- [Data extract]
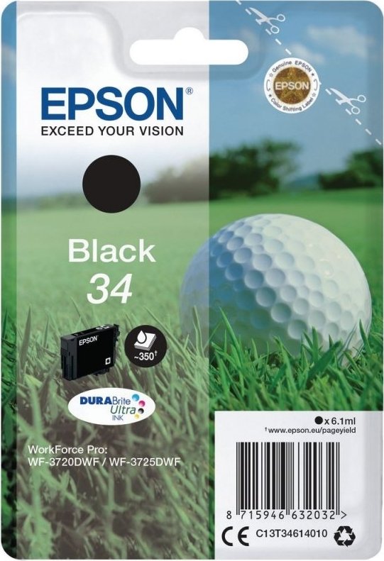 Epson Golf ball Singlepack Black 34 DURABrite Ultra Ink. Tipo de cartucho de tinta: Rendimiento estándar, Tipo de tinta negra: Tinta a base de pigmentos, Volumen de tinta negra: 6,1 ml, Cantidad por paquete: 1 pieza(s), Rendimiento de impresión de página con tinta negra: 350 páginas
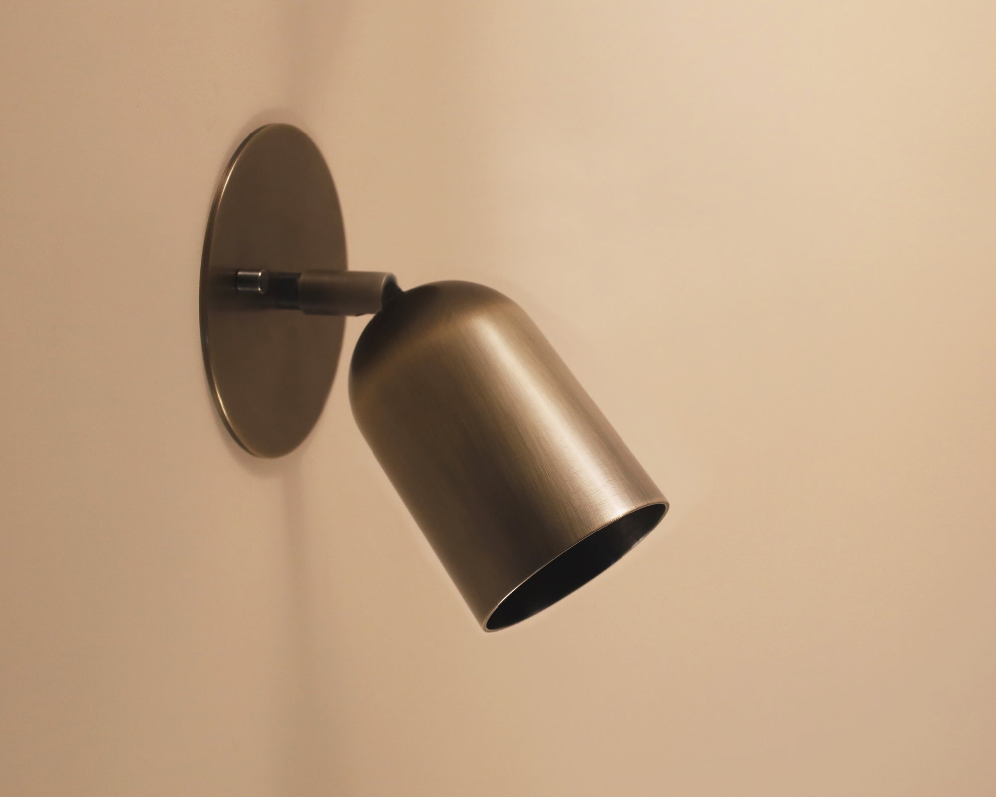 Designed and handmade to order in our Texas studio. Features heavy gauge solid brass construction. Shade head adjust to true vertical and horizontal positions and turns 330 degrees on axis. Perfect for bedside or chair reading. It provides ideal lighting for tasks or general illumination, making it a great choice for home or business.
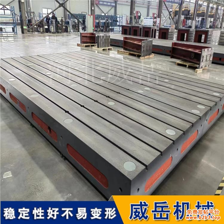 筋板布局:采用“十字筋板+箱型主体”设计,筋板厚度12-15mm,间距200-250mm,形成密集支撑网,比平板结构抗扭刚度提升40%,2000×3000mm底座承载50kN时挠度≤0.02mm;
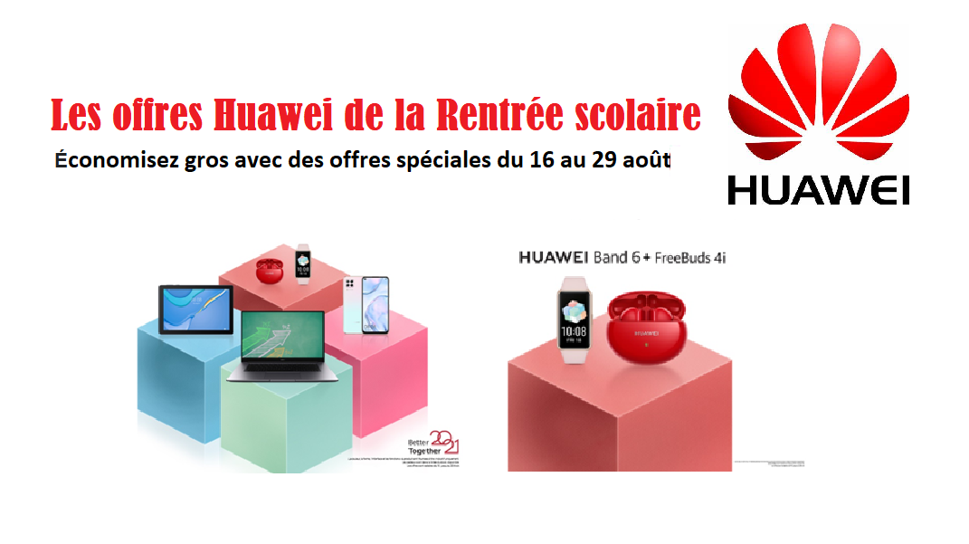 Tunisie Tribune (Les offres Huawei de la rentrée scolaire) – Finis les vacances, retour aux bancs de l’apprentissage. En cette occasion, Huawei a pensé à sa clientèle tout en mettant à leur disposition divers produits emblématiques en promotion soit des smartphones, tablettes, PC, FreeBuds ou bien la fameuse band 6. Commencez votre année autrement avec les produits exceptionnels de Huawei. Equipez-vous de matériel scolaire avec des réductions intéressantes et ce du 16 jusqu’au 29 août 2021.
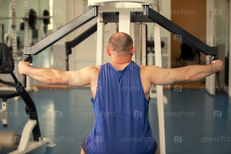 Спортсмен-мужчина тренируется на силовой машине в тренажерном зале
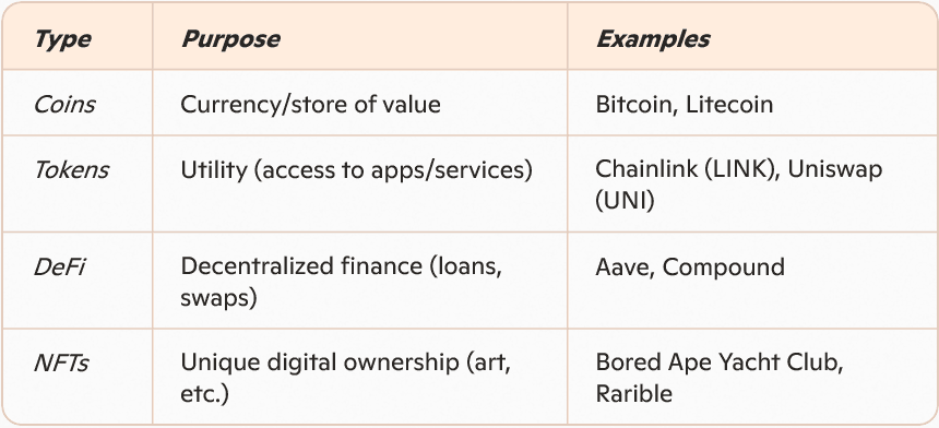 - Stablecoins: Crypto pegged to fiat (e.g., USDT = $1).
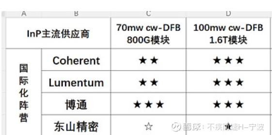 回复@不疾而速H-宁波: 我前面解释过,一颗EML的价格是 CW-DFB的3倍,如果是1.6T模块用的EML,是6倍,利润率更高。只有EML没搞定的公司,才会去做CW-DFB。如果你来给东山精密当家,你会把产能腾出来做CW-DFB吗?//@不疾而速H-宁波:回复@闷得而蜜:我看到你表格中CW-DFB东山的星星很少,是否意味着他这块的技术能力不够?查看图片
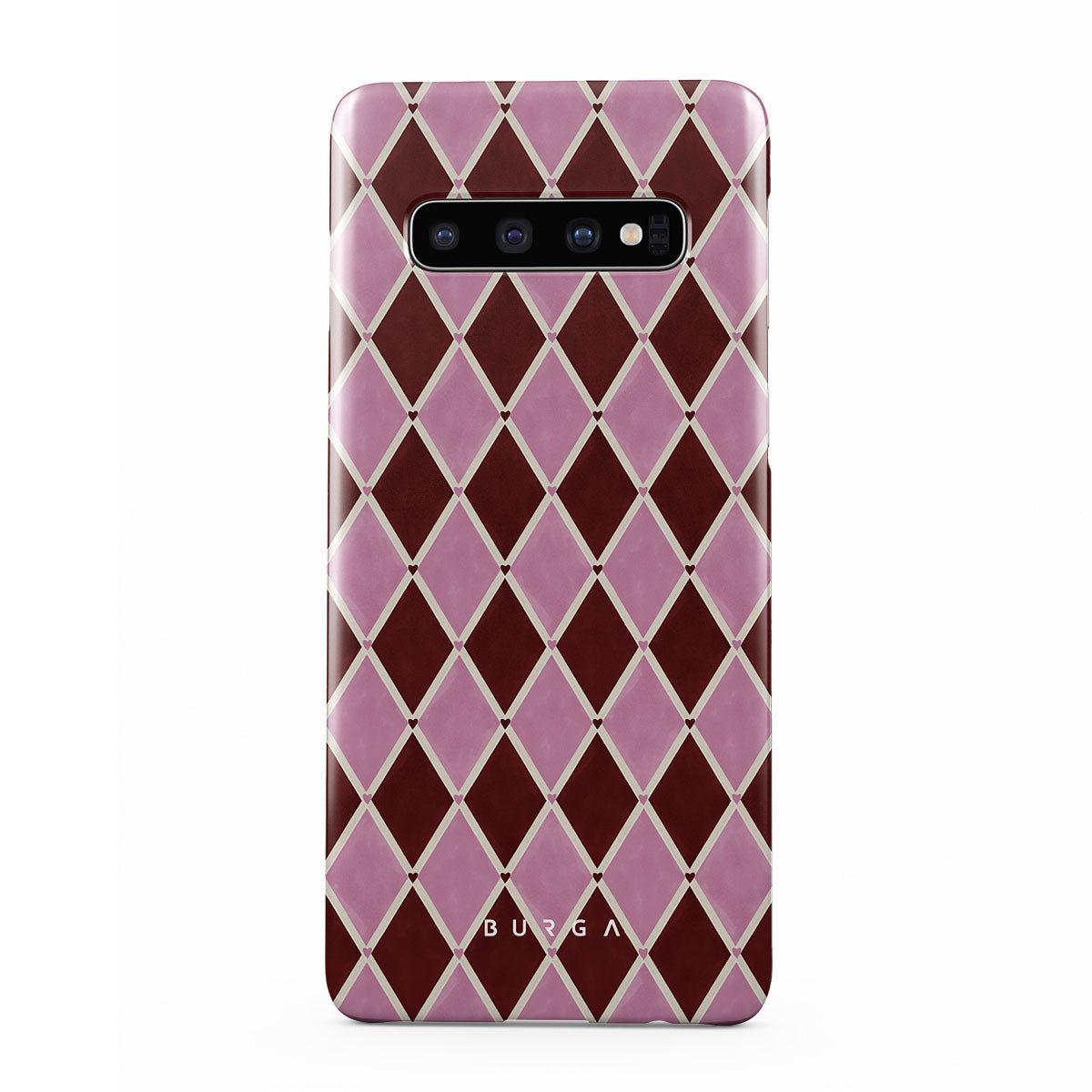 Este design contém: padrão arlequim, losangos rosa, fundo vermelho intenso
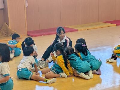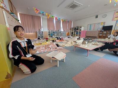 小さい子のクラスではお昼寝の時間でした。その他のクラスでは、椅子を並べたり、絵本を読んであげたりと、先生方のサポートをしていました。子どもと手をつないで歩いたり、優しいまなざしで見守ったりする姿がとても微笑ましかったです。

- [Exercise directions]
Pictures are to be omitted from the copy. Reproduce exactly, and only, the lines from the one containing "Tunisie Tribune (Les" to the end of the listing above.

- [Answer section]
 Tunisie Tribune (Les offres Huawei de la rentrée scolaire) – Finis les vacances, retour aux bancs de l’apprentissage. En cette occasion, Huawei a pensé à sa clientèle tout en mettant à leur disposition divers produits emblématiques en promotion soit des smartphones, tablettes, PC, FreeBuds ou bien la fameuse band 6. Commencez votre année autrement avec les produits exceptionnels de Huawei. Equipez-vous de matériel scolaire avec des réductions intéressantes et ce du 16 jusqu’au 29 août 2021.
 Спортсмен-мужчина тренируется на силовой машине в тренажерном зале
 - Stablecoins: Crypto pegged to fiat (e.g., USDT = $1).
 回复@不疾而速H-宁波: 我前面解释过,一颗EML的价格是 CW-DFB的3倍,如果是1.6T模块用的EML,是6倍,利润率更高。只有EML没搞定的公司,才会去做CW-DFB。如果你来给东山精密当家,你会把产能腾出来做CW-DFB吗?//@不疾而速H-宁波:回复@闷得而蜜:我看到你表格中CW-DFB东山的星星很少,是否意味着他这块的技术能力不够?查看图片
 Este design contém: padrão arlequim, losangos rosa, fundo vermelho intenso
 小さい子のクラスではお昼寝の時間でした。その他のクラスでは、椅子を並べたり、絵本を読んであげたりと、先生方のサポートをしていました。子どもと手をつないで歩いたり、優しいまなざしで見守ったりする姿がとても微笑ましかったです。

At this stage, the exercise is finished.